- Theatrical release quad poster
- Directed by: Stanley A. Long
- Written by: Adrien Reid
- Produced by: Barry Jacobs Stanley A. Long
- Starring: Richard Wattis
- Cinematography: Michael Boultbee
- Edited by: N.C.S.
- Music by: Pat Ryan Jacky Tayler
- Production company: Salon Productions
- Distributed by: Salon Productions
- Release date: 30 December 1972;
- Running time: 88 minutes
- Country: United Kingdom
- Language: English

= Sex and the Other Woman =

1972 British film by Stanley Long

Sex and the Other Woman (also known as The Other Woman) is a 1972 British sex comedy film directed by Stanley A. Long, presented by Richard Wattis.

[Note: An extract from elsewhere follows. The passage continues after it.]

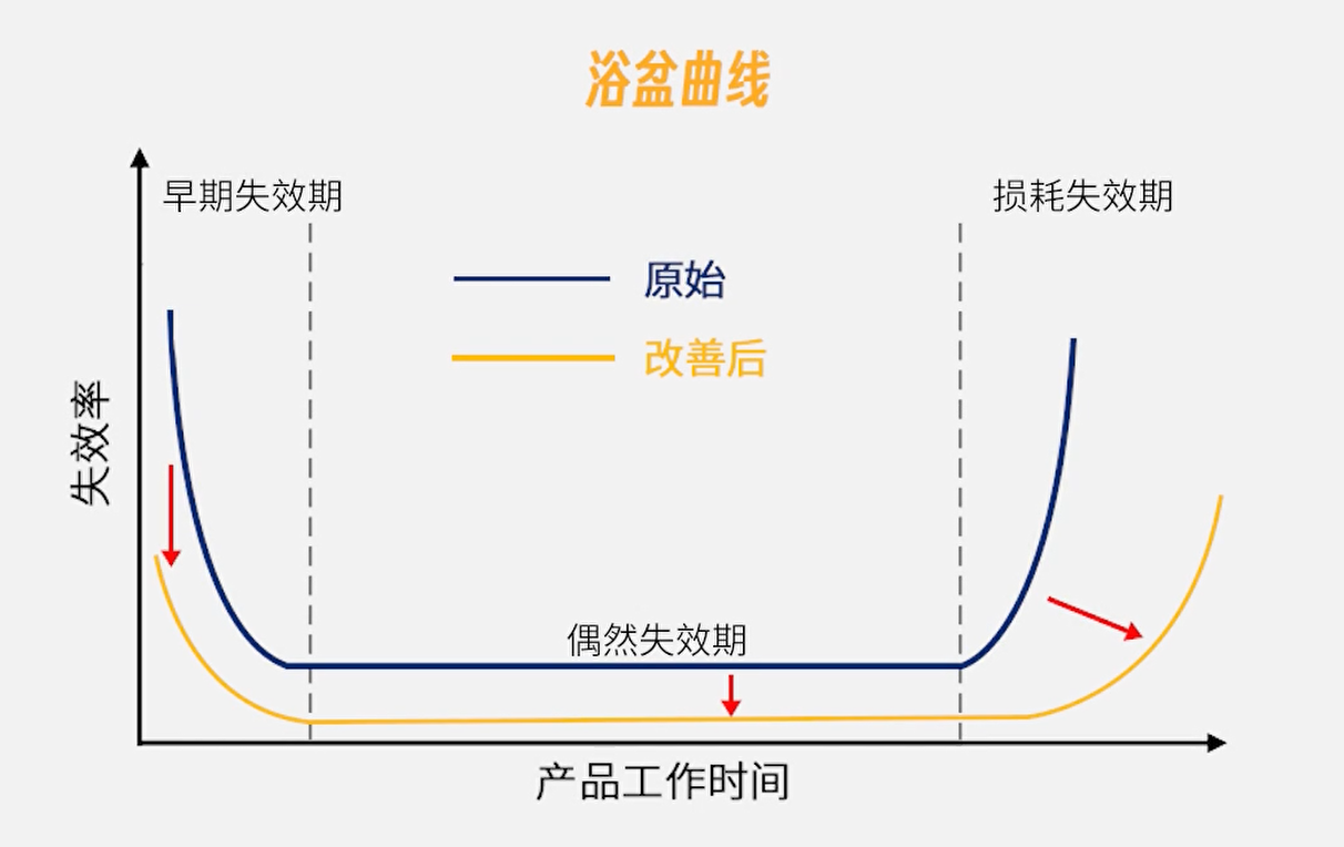 产品失效往往遵循浴盆曲线:早期失效率高,随后进入稳定的偶然失效期,最终随着产品老化而再次攀升。

It was written by Adrien Reid and comprises a quartet of stories on the subject of adultery.

==Plot==
Following a short opening sequence in which a henpecked husband finds relief from his wife's nagging by using a sex doll, the film's presenter introduces a quartet of stories concerning adultery and infidelity. The first concerns Lisa, a flirty, mini-skirted, office secretary, who seduces married fellow office worker Chris. The second story involves Liz, a gold-digging model, who becomes involved with a married and rich tennis player, including seducing him in his private jet, but then leaves him when his divorce from his wife Flora leaves him penniless. In the third story, Guy, a middle-aged man, is seduced by his daughter Louise's eighteen-year-old schoolfriend Sarah after he offers to paint her portrait. The fourth story involves cheating husband Ted whose affair with his wife's best friend results in him being told he must share his house with both his wife and his mistress.

==Cast==
- Richard Wattis as presenter
- Maggie Wright as Liz
- Jane Cardew as Lisa
- Felicity Devonshire as Sarah
- Bartlett Mullins as Henry
- Peter Dunn as Chris
- Anthony Bailey as Reggie
- Raymond Young as Guy
- Max Mason as Ted
- Louise Pajo as Shirley
- Margaret Burton as Flora
- Peggy Ann Clifford as Henry's wife
- Jeremy Nicholas as Arthur
- Louise Rush as Louise
- Mary Barclay as Cynthia
- Barbara Meale as Barbara
- Kay Adrian as Flora's friend
- Barbara Wendy as Sally
- Gordon Gale as Arnold
- Gillian Brown as Sue
- Anthony Howard as Managing Director
- Stacey Davies as Kershaw
- Olive Mercer as cleaner
- Stella Tanner as mother-in-law
- Paul Greenwood as Chris (uncredited)

==Critical reception==
Monthly Film Bulletin wrote: "Four tales of adultery, thematically linked by the energy and sexual initiative attributed to Other Women of all ages and sizes. Any hopes aroused by Richard Wattis' sardonic presentation that Sex and the Other Woman may prove less formulary than rival 'sex surveys' are dashed as soon as the first episode creaks its cumbersomely plotted way to some predictably inexplicit scenes of love-making. The film makes the usual comic capital out of sexual guilt – hasty copulation on the office couch, speeded-up motion as the characters hurriedly don their clothes after infidelity – while elsewhere script, direction and acting prove equally unconvincing."